O quarto aspecto da crise é caracterizado por Gutiérrez como a crise da própria
idéia de direitos humanos ante a hegemonia do pensamento único cínico. De alguma
forma, já tocamos esta questão quando dissemos que, para os agentes da
globalização, os direitos humanos são direitos de instituições, de corporações
proprietárias. O que está em questão aqui é exatamente a concepção de direitos
humanos que é carregada pelo processo de globalização. As palavras de
Hinkelammert ilustram a questão:
“La transformación de la economía en guerra
económica y la seguiente transformación de la competitividad en valor único y
superior está destruyendo y eliminando todos los derechos humanos en nombre de
los derechos del mercado, que son derechos vigentes en el mercado y solamente en
él” .
O pensamento único é cínico porque mesmo não
ignorando as graves consequências que produz, insiste em encará-las como alheias
ao que implementa . Além disso, defende que os direitos humanos, quando
entendidos como direitos de pessoas concretas, não passam de distorções do
mercado, ignorando portanto os seres humanos reais. Recorremos novamente a
Hinkelammert para aclarar a questão:
“No todas las distorsiones del mercado son
producto del reconocimiento de los derechos humanos, pero tendencialmente toda
defensa de los derechos humanos como derechos de los seres humanos corporales
aparece como distorsión del mercado. Por eso, la eliminación indiscriminada de
las distorsiones del mercado desemboca con una lógica implícita en la distorción
de los própios derechos humanos. Eso vale en el grado en el cual la eliminación
de estas distorsiones, se lleva a cabo en nombre de um princípio general, como
es el caso del proceso de globalización. Sin embargo, la política de la
eliminación de las distorsiones se presenta como simple aplica??ción de una
técnica” .
Entendemos que os elementos que aportamos,
seguindo de perto o raciocínio de Gutiérrez e completando com outros aspectos,
são aclaradores da questão da globalização, lida na perspectiva dos direitos
humanos e mesmo da concepção de direitos humanos que é propugnada pelos agentes
desse processo. A partir desses elementos, daremos o passo seguinte, que
consiste em procurar, a partir de uma outra idéia de direitos humanos que
brevemente apresentaremos, indicar os desafios fundamentais para pensar e agir
alternativamente em diretos humanos num tempo de globalização.
Desafios à luta pelos direitos humanos
A identificação de desafios no contexto da
leitura de realidade que fizemos implica que inicialmente esclareçamos nossa
compreensão de direitos humanos que deu ensejo tanto àquela leitura quanto a que
indicará os desafios.
A noção de direitos humanos possui uma unidade normativa interna que se funda na
dignidade igual de cada um e de todos os seres humanos como sujeitos morais,
como sujeitos jurídicos, como sujeitos políticos e como sujeitos sociais.
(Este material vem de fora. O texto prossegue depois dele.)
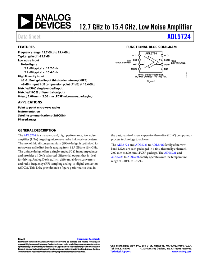 ADL5724 12.7 GHz to 15.4 GHz, Low Noise Amplifier

O
reconhecimento desta unidade normativa encontra eco reflexivamente no fato de
que a construção de qualquer ordenamento, seja ele jurídico, político ou social
teria que contar em sua base sempre com a garantia de condições para que o ser
humano tenha lugar central e intransponível. Esta unidade normativa cria
condições tanto para orientar a construção dos arranjos históricos de sua
efetivação, quanto, reversamente, para a crítica daqueles arranjos que não
caminham concretamente na perspectiva dos direitos.
Discordando das teses liberais ou liberalizantes, afirmamos que os direitos
humanos econômicos, sociais e culturais não estão hierarquicamente em posição
inferior os direitos humanos civis e políticos. Eles estão em posição de
equivalência. Não conc??ordamos em suportar situações nas quais sucessivos
governos justificam ditaduras dizendo que em sociedades profundamente
assimétricas é plausível a redução das liberdades fundamentais em nome da
garantia do progresso sócio-econômico. Ou então, em situações precariamente
democráticas afirmando que, mesmo pobres, é melhor vivermos em um tempo de
garantia da liberdades básicas, o que nos dá a chance de entrar no campo
competitivo do liberalismo e quiçá galgar postos de satisfação mais aprimorada
das demandas humanas, sempre individualmente. Contra estes argumentos redutivos
afirmamos que tratar de direitos humanos é tratar de todos os direitos humanos,
dos direitos humanos civis, políticos, econômicos, sociais e culturais.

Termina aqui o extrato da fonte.